Chaque fois que la situation exigeait des réformes sérieuses et une vraie prise en main de la diversification économique, c’est le retour de la flambée des prix qui a eu raison de ces velléités de changement. Reste que la situation actuelle est aussi préoccupante, sinon plus, que celle de la fin des années 1980.
Dette remboursée, un souci en moins
Il y a certes un point positif qu’il ne faut pas négliger. L’Algérie est peu endettée sur le plan extérieur. Pas d’intérêts à payer, pas de danger de cessation de paiement et donc pas de risque de mise sous tutelle de la part du Fonds monétaire international (FMI), du Club de Paris (groupe de créanciers étatiques) ou de la Banque mondiale. Autrement dit, pas de plan d’ajustement structurel aux effets dévastateurs comme en 1996-1997.
Il faut, à cet égard, remercier celles et ceux, notamment les hauts fonctionnaires, qui ont su convaincre les autorités politiques de rembourser cette dette à partir du début des années 2000. Pour ce faire, ils ont trouvé un argument majeur : éviter que l’Algérie ne connaisse une humiliation comparable à celle des années 1990 quand des jeunots arrogants du FMI donnaient des leçons aux responsables algériens.
On peut donc se consoler en se disant qu’au moins une partie de la manne n’a pas été gaspillée et qu’elle aura servi à quelque chose, cela à l’heure où l’option de l’endettement revient sur la table, quoiqu’en dise le gouvernement actuel.
Mais on ne peut s’empêcher de regretter que d’autres initiatives n’aient jamais été prises. Dans une chronique publiée en 2008, nous plaidions pour que l’Algérie crée enfin son fonds souverain (*).
L’idée de base était simple. Dans un contexte de crise financière en Occident et de grande braderie de certains actifs (notamment immobiliers), des prises de participation dans des valeurs phares auraient constitué une vraie assurance pour l’avenir. Pas simplement un bas-de-laine pour les temps difficiles, mais une garantie de ressources permanentes.
A l’époque, nombre de responsables opposaient la question du manque d’expertise et des risques de mauvais placements. Il est vrai que les milliards de dollars perdus par la Libye de Kadhafi dans des investissements hasardeux sur la Bourse de Londres donnent quelques arguments à cette thèse. Mais tout de même !
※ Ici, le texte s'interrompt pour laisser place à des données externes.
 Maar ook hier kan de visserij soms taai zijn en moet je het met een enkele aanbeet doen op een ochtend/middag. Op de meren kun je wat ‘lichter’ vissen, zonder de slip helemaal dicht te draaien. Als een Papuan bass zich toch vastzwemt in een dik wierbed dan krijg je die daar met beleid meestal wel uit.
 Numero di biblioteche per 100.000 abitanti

Qui peut croire que l’Algérie de 2008 n’avait pas les compétences (ou les moyens) de mettre en place un fonds actif. Si le Qatar l’a fait en moins d’un an (et ses revenus lui sont bien utiles en ces temps où il subit un blocus de la part de ses voisins). Une immense occasion a été ratée. Une parmi tant d’autres.
L’effet Kurdistan
En attendant, et comme pour donner raison aux attentistes, le cours du brut est de nouveau orienté à la hausse. Comme c’est souvent le cas, les turbulences géopolitiques poussent le marché à anticiper des difficultés d’approvisionnement.
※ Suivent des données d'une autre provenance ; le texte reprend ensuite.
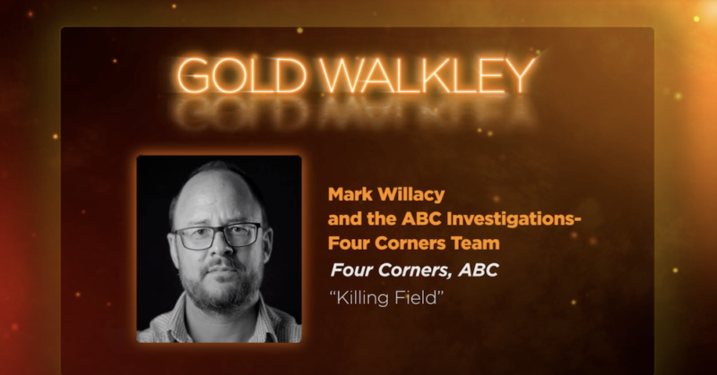 马克·威拉西和美国广播公司调查-四角小组因长达六个月的调查“杀戮场”获得了澳大利亚新闻界的最高荣誉——金沃克利奖。
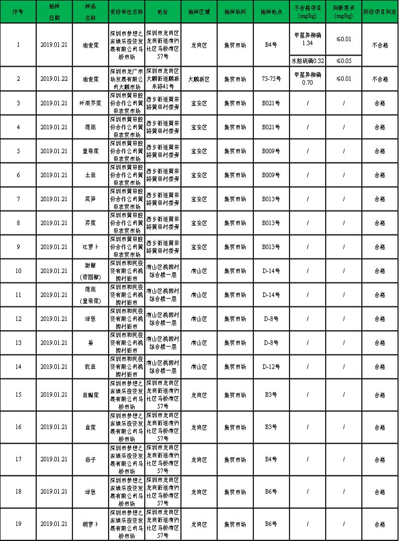 蔬菜有2份抽樣樣品不合格
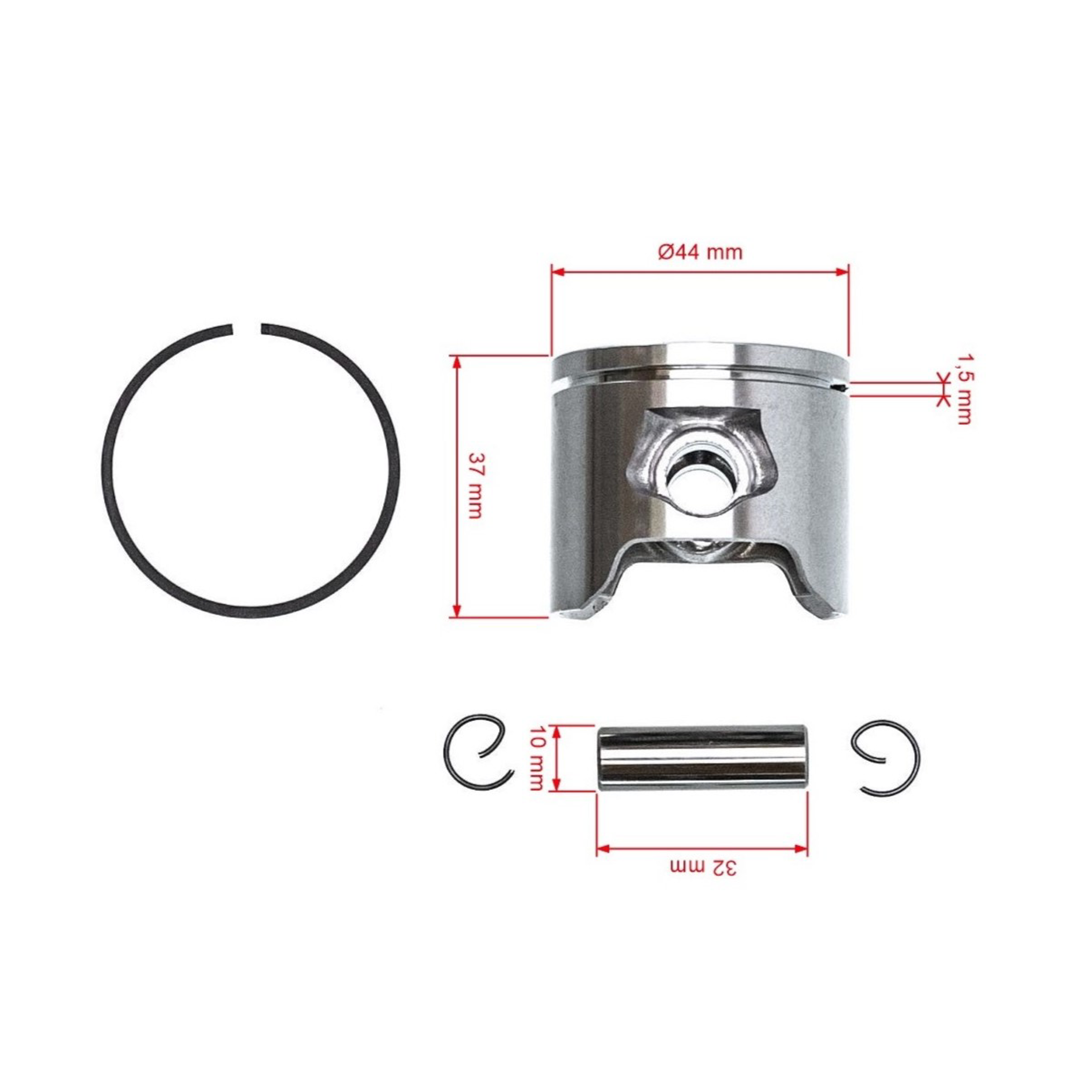 Zawartość opakowania: 1x tłok, 1x sworzeń, 2x pierścień tłokowy, 2x zawleczka

Le référendum d’autodétermination du Kurdistan irakien et les risques d’un blocus turc sur ses exportations de brut contribuent à cette poussée haussière. A cela s’ajoute le fait que la demande mondiale repart et que les États-Unis connaissent quelques ratés dans leur production d’or noir non conventionnel. Le baril se rapproche des 60 dollars.
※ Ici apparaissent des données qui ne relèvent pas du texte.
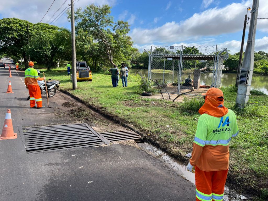 Na manhã desta segunda-feira (15) a reportagem retornou ao local e acompanhou o trabalho de equipes da Monte Azul Ambiental, empresa responsável pela limpeza urbana, que faziam a remoção da lama e de vegetação nas imediações da guia de sarjeta no entorno da lagoa.
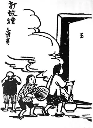 近代著名文學家漫畫家豐子愷畫過一幅《打蚊煙》,也是舊時農村常見的驅蚊方法。以前普羅大眾的民居極少有紗窗、紗門之類的防蚊設施;又限於經濟條件,百姓也捨不得買驅蚊劑之類。所以古老原始「打蚊煙」就大派用場:將半濕不乾的柴草點燃,再將明火滅掉令其產生煙霧。又或先點燃乾柴草,待火燃起一會,上面再覆蓋青草或濕柴,製造煙霧。
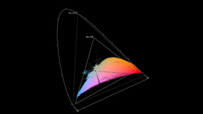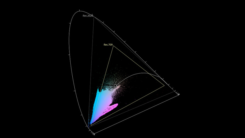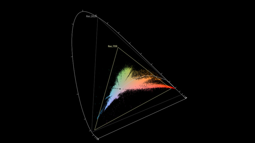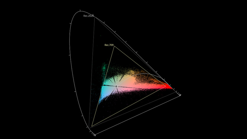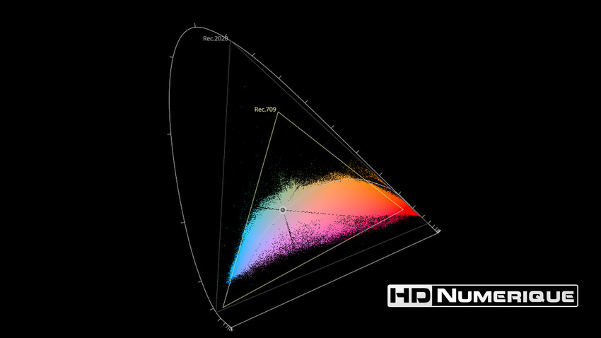 Afin de mettre en évidence l'utilisation concrète du Wide Color Gamut (WCG) sur cette édition (voir tutoriel ici), les pixels qui se situent dans la gamme standard/BT.709 (confinés à l'intérieur du petit triangle REC.709) vous sont présentés ici entièrement désaturés. A l'inverse, ceux faisant partie de la gamme élargie BT.2020, exclusive au disque 4K Ultra HD Blu-ray (qui s'étendent à l'extérieur du petit triangle REC.709) vous sont présentés en couleur :
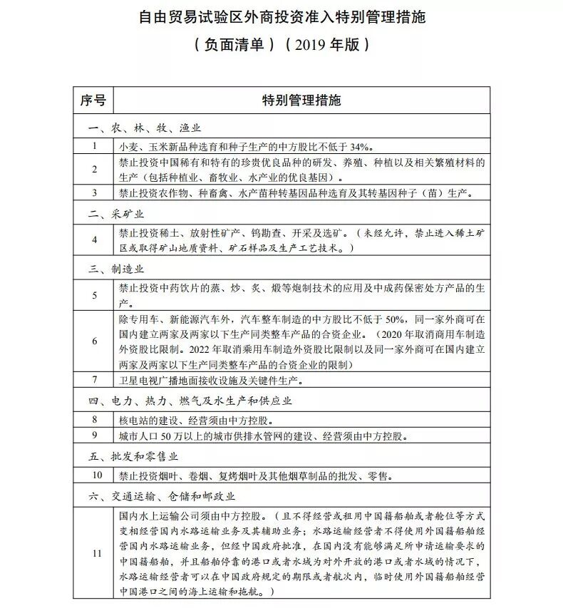 附件二:《自由贸易试验区外商投资准入特别管理措施(负面清单)(2019年版)》
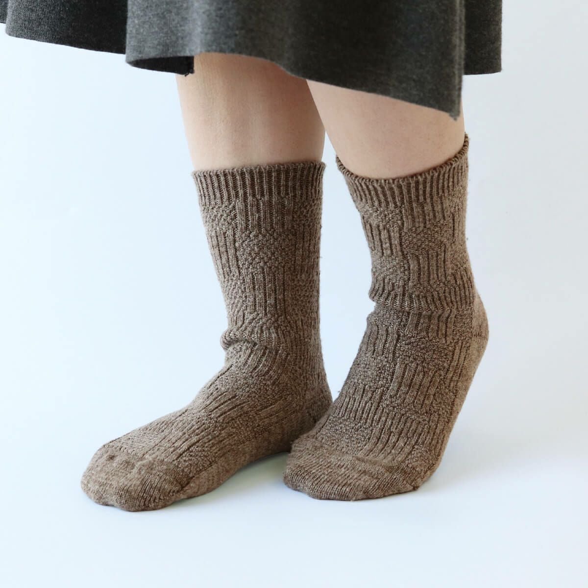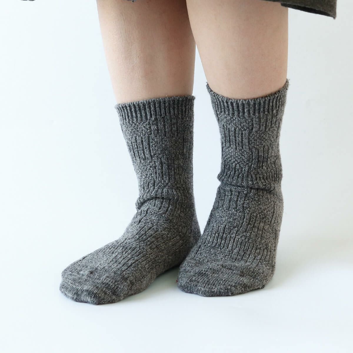 商品名 絹屋 シルクとウール混の編み柄靴下
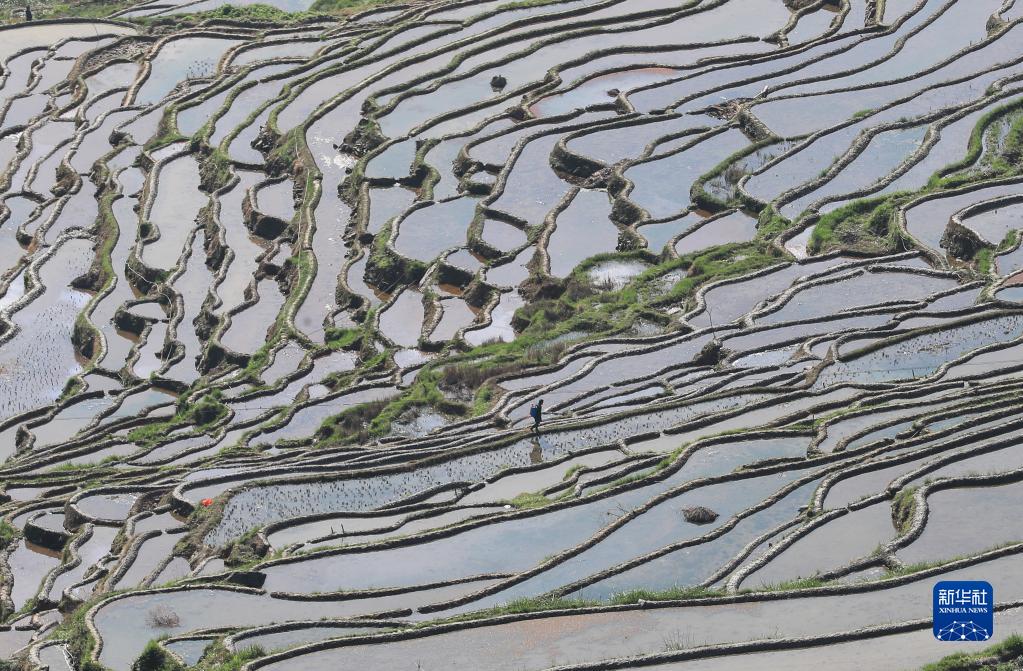 4月16日,在貴州省黔東南苗族侗族自治州從江縣加榜鄉黨扭村,村民從梯田上走過(guò)。
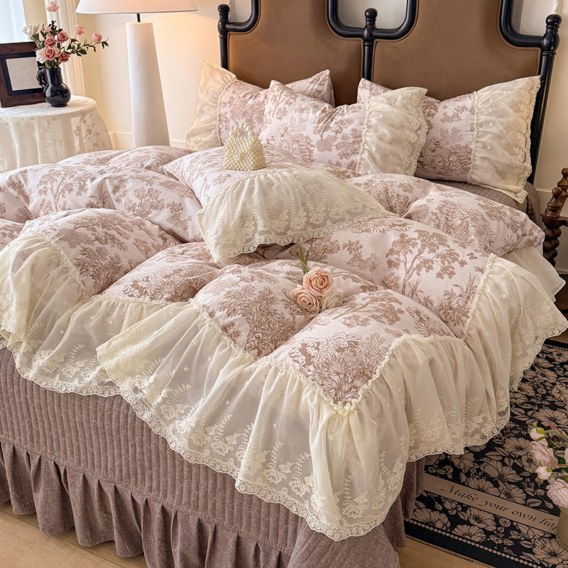 漫布云2026春夏新款法式复古双层花边大蕾丝水洗棉亚麻床盖款四件套全棉纯棉印花小碎花四件套 芙琳

On est loin des 100 dollars qui faisaient tourner la tête aux membres de l’OPEP, lesquels membres se réuniront en novembre prochain pour décider s’ils maintiennent leur restriction en matière de pompage.
Quoi qu’il en soit, espérons simplement que le mantra mentionné en début de chronique sera répété autrement et que les responsables algériens comprendront enfin que même si le pétrole remonte, il finira toujours par redescendre. Et qu’il n’y a rien de mieux qu’une saine diversification (pas celle exigée par le patronat, mais ceci est une autre histoire) pour encaisser au mieux ce yoyo.